The Supreme Court of India today came down heavily on the government’s use of national security as a ruse to deny citizens basic rights, including free speech.
“The state is using the plea of national security to deny the rights of the citizens. This is incompatible with the rule of law...The mere involvement of issues relating to national security will not allow the state to not act fairly,” said a bench of chief justice DY Chandrachud and justice Hima Kohli.
“Press has a duty to speak truth to power and inform citizens about hard facts. The critical views of the channel against the govt policies cannot be termed as anti-establishment. This view presumes that press should always support the government. An independent press is necessary for a robust democracy,” it said.
What is the case against MediaOne TV?
The court was pronouncing its judgment on an appeal filed by MediaOne, a television news channel operating in the southern Indian state of Kerala.
The Malayalam language news platform had sought to overturn the January 2022 decision of prime minister Narendra Modi’s government to cancel a broadcasting licence issued to it. MediaOne TV was forced off air after the state, citing “security reasons,” excluded it from its list of broadcasters whose licences were renewed.
On appeal, the Kerala high court upheld the decision of the ministry of information and broadcasting. In March, however, India’s top court granted interim relief to Madhyamam Broadcasting, the owner of the news channel, staying the ban and allowing it to broadcast.
The court today said: “The action of the ministry...produces a chilling effect on free speech and in particular on press freedom.”
The Modi regime has attempted to stifle press freedom
Since 2014, when Modi became prime minister of India, the country has slipped on the World Press Freedom Index. From 140 out of 180 countries in 2014, it stood at 150 last year, according to Reporters Without Borders’ index.

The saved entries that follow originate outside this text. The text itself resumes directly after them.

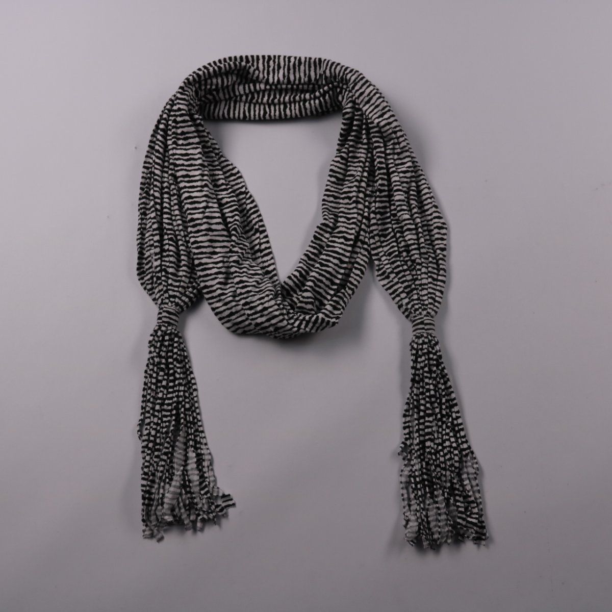 Шарф в чёрно-белую полоску с кисточками на концах. Подойдёт для повседневных образов и как акцент к однотонной верхней одежде. Лёгкий, удобно драпируется и завязывается разными способами.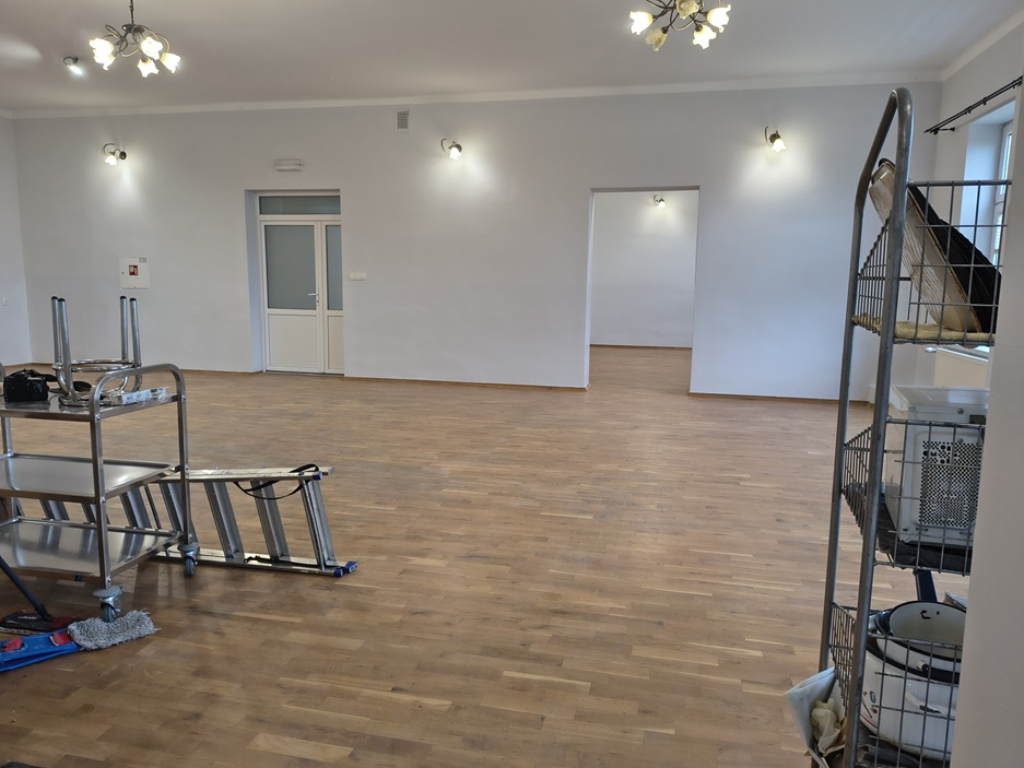Wśród wykonanych prac znalazły się m.in. odnowienie lamperii, wymiana skrzydeł drzwiowych, remont zabudowy kuchennej, wykonanie sufitu podwieszanego wraz z okapem, malowanie ścian i sufitów, całkowity remont toalet, a także wymiana płytek i armatury, zakup kuchni gastronomicznej: gazowo-elektrycznej 6-palnikowej, remont zaplecza na naczynia i drobny sprzęt AGD oraz adaptacja części korytarza na estetyczny schowek na sprzęt do utrzymania czystości w budynku.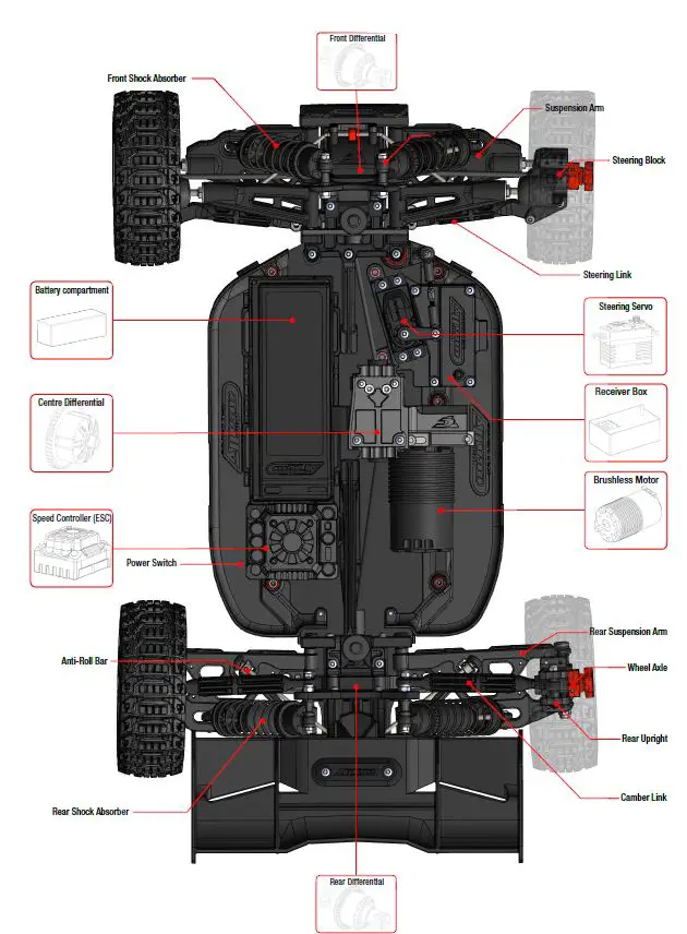 - To maintain the best performance, check that all moving parts move freely.Take all necessary precautions before, during and after using your model. You are responsible for the safe assembly, mainte-nance and use of your model. In case of any questions, contact your local reseller or contact Team Corally support for assistance.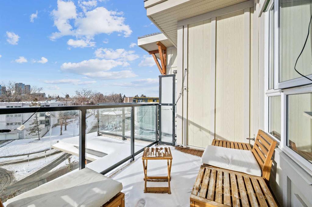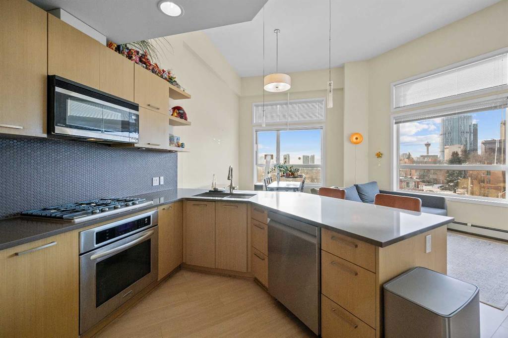 | OPEN HOUSE SUNDAY, JANUARY 4, 1:00 PM - 4:00 PM | EXCEPTIONAL VALUE | 2 TITLED PARKING SPOTS SIDE BE SIDE | FURNITURES INCLUDES DINING TABLE SET, COUCH, LIVING ROOM RUG, TV BENCH, TV WALL MOUNT, PORTABLE A/C, ALL BALCONY FURNITURES, WASHROOM STORAGE CABINET, 2 BARSTOOL CHAIRS, & DINING ROOM SHELF | 2024 DISHWASHER & 2024 WASHER & DRYER | Perched atop the hill between Bridgeland and Renfrew, this southwest-facing penthouse offers sweeping downtown city views through dramatic 13 foot ceilings. A rare highlight, the home includes two titled parking stalls, an exceptional feature for the building. Meticulously maintained, the unit showcases stainless steel appliances, elegant quartz countertops, full tub to ceiling tile in the bathroom, and 2023 carpet in both the bedroom and walk through closet.
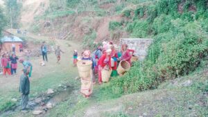 सयौँ डोका, बोतल, गाग्री र त्यत्तिकै मान्छेको भिड सबै त्यहाँ पानी ल्याउन गएका थिए । गाउँभन्दा धेरै टाढा डोप्केबाट बोकेर पानी ल्याउनु पर्ने हुँदा उनीहरू बिहानै घरबाट लाइन लागेर धारामा पुग्दा रहेछन् । दुई घण्टा हिँडेर धारामा आए पनि त्यहाँ उनीहरूले पालो कुर्नुपर्छ । प्रशस्तै पानी पनि पाउँदैनन् । गाउँभन्दा करिब दुई घण्टा हिँडेर पल्लो गाउँमा पानी लिन जानु उनीहरूको दैनिकी नै बनेको छ ।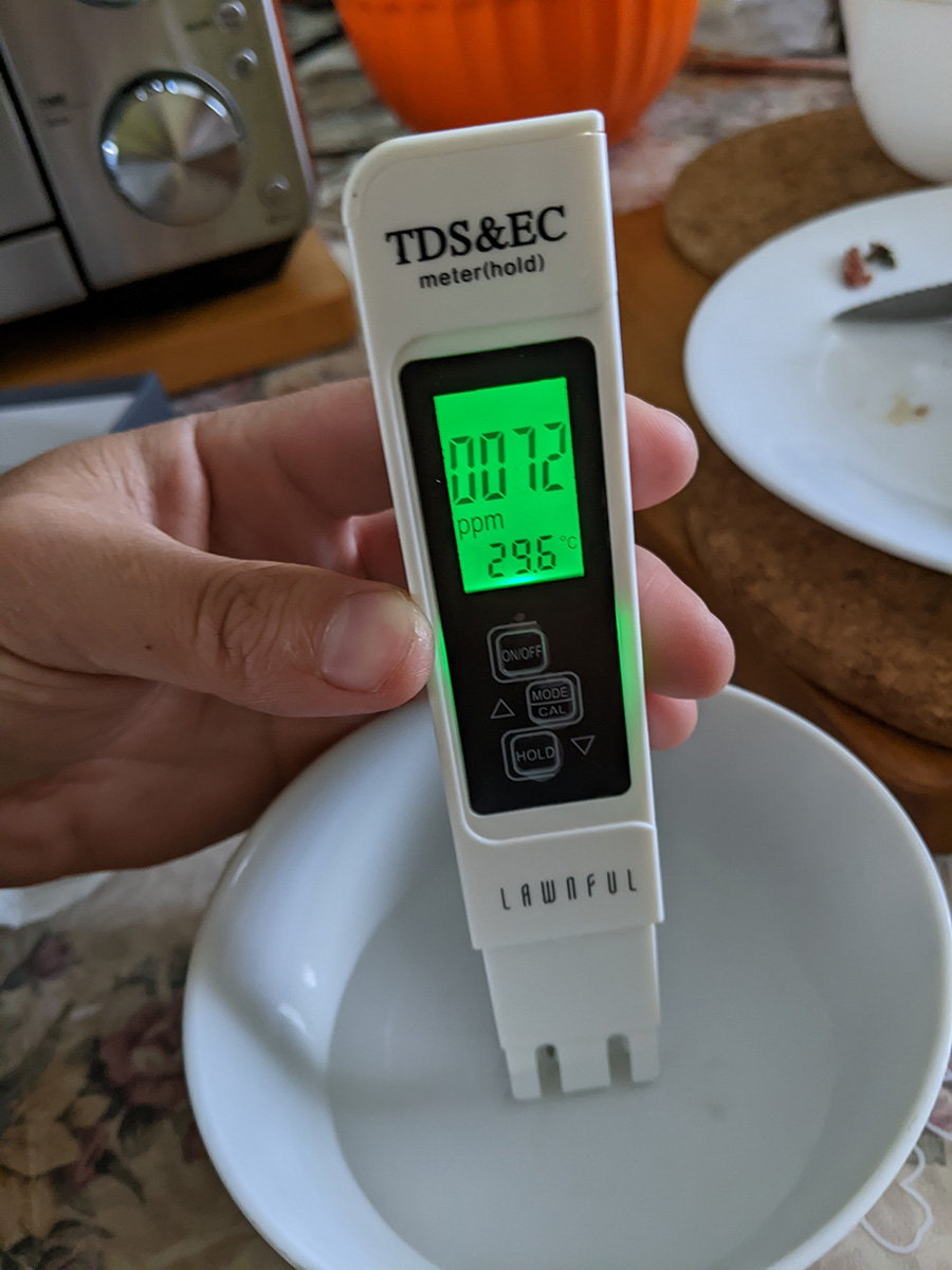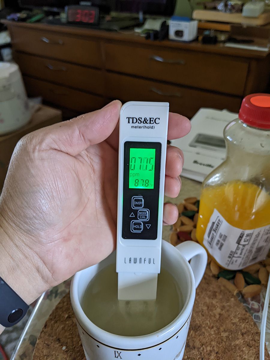 tax-free weekend purchases from amazon continue to arrive. early this morning the tayama 10 cups rice cooker arrived. for $32, it was your basic no-frills rice cooker, very similar to the zojirushi rice cooker my parents use now. later a box arrived containing an assortment of items: the tubshroom drain protector; bonide 8 oz. pyrethrin presticide; and my lawnful-brand pH and TDS meters. my father's wantjoin-brand commercial milkshake mixer arrived too; he tested it out, seems to work well, has two speed settings, the low is fast enough. i tested my hydroponics meters: the TDS worked fine, but the pH meter seemed to be dead on arrival. i even replaced the two watch batteries with a spare set that came included, that didn't work either. i contacted amazon for a replacement.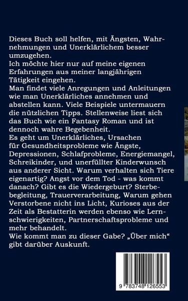 "Hilfe zur Selbsthilfe" ist der ausdrucksfähigste Titel für mein Lebenswerk."Sich den Wahrnehmungen stellen ist einfacher, als zu leiden".Man findet viele Anregungen und Anleitungen, wie man Unerklärliches annehmen und abstellen kann. Viele Beispiele untermauern die nützlichen Tipps.Stellenweise liest sich das Buch wie ein Fantasyroman und ist dennoch wahre Begebenheit.Es geht um Unerklärliches, Ursachen für Gesundheitsprobleme wie Ängste, Depressionen, Schlafprobleme, Energiemangel, Schreikinder, unerfüllter Kinderwunsch aus anderer Sicht. Warum verhalten sich Tiere eigenartig, Angst vor dem Tod - was kommt danach? Gibt es die Wiedergeburt? Sterbebegleitung, Trauerverarbeitung. Warum gehen Verstorbene nicht ins Licht, Kurioses aus der Zeit als Bestatterin werden ebenso wie Lernschwierigkeiten, Partnerschaftsprobleme behandelt. Wie kommt man zu dieser Gabe? "Über mich" gibt darüber Auskunft.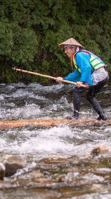 木材を運ぶための道路やトラックがなかった頃。清流・那賀川の流れに乗せることで川下に送られました。そこで発達したのが、山から切り出された、ナカ(那賀町木頭地区)の特産ブランド「木頭杉」を、岩にぶつからないよう大切に運ぶ「一本乗り」の技。丸太の上に立って流れに乗る難しい技ですが、木頭杉の丸太を自在に乗りこなす一本乗り名人からコツを学べば大会本番にも自信をもって臨めるはず。名人が教える講習会にぜひ参加してください。講習会では、名人手づくりジビエ鍋のおもてなしも。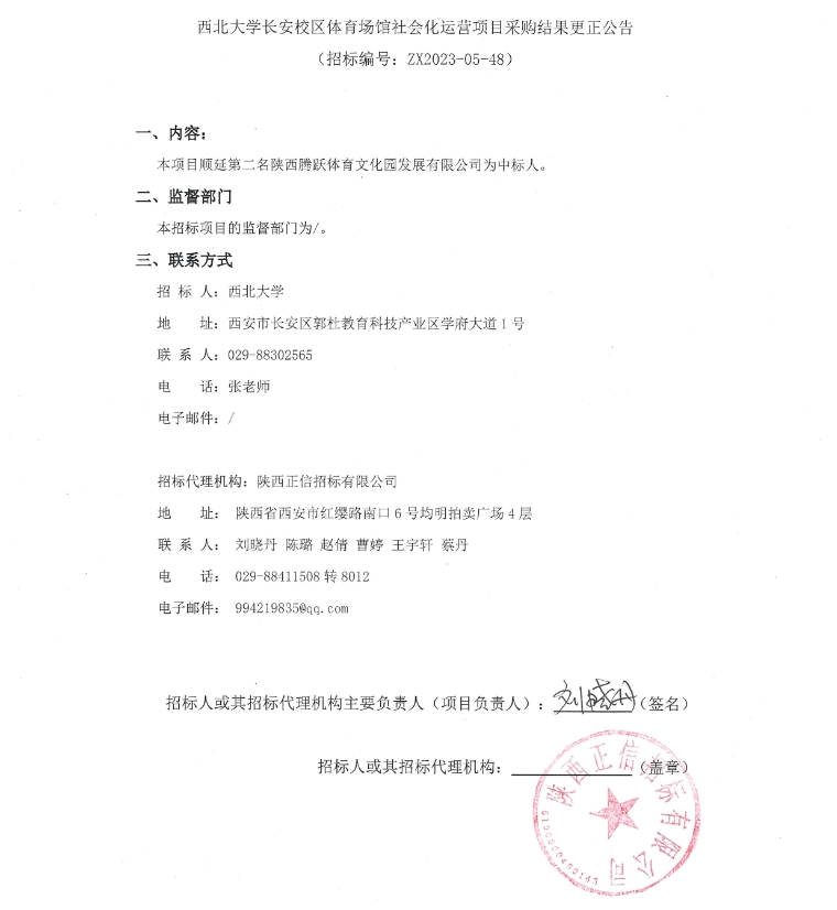 宝威体育官网首页长安校区体育场馆社会化运营项目采购结果更正公告

Many have pointed to the cycle of first restrictions being imposed on media outlets and then government-friendly conglomerates taking them over.
Amnesty International has accused Indian authorities of imposing unlawful and politically motivated restrictions on freed speech. Journalists have faced frequent arrests or attacks.
In February, India’s tax authorities raided the BBC’s offices, merely a month after it carried a documentary critical of Modi. In any case, the government had banned the BBC film in India and also forced Twitter and YouTube to take down clips.
The police in Delhi, which falls under the Modi government, recently arrested several people for displaying posters saying, “Remove Modi, save the nation.” Those arrested included the person who had printed the posters.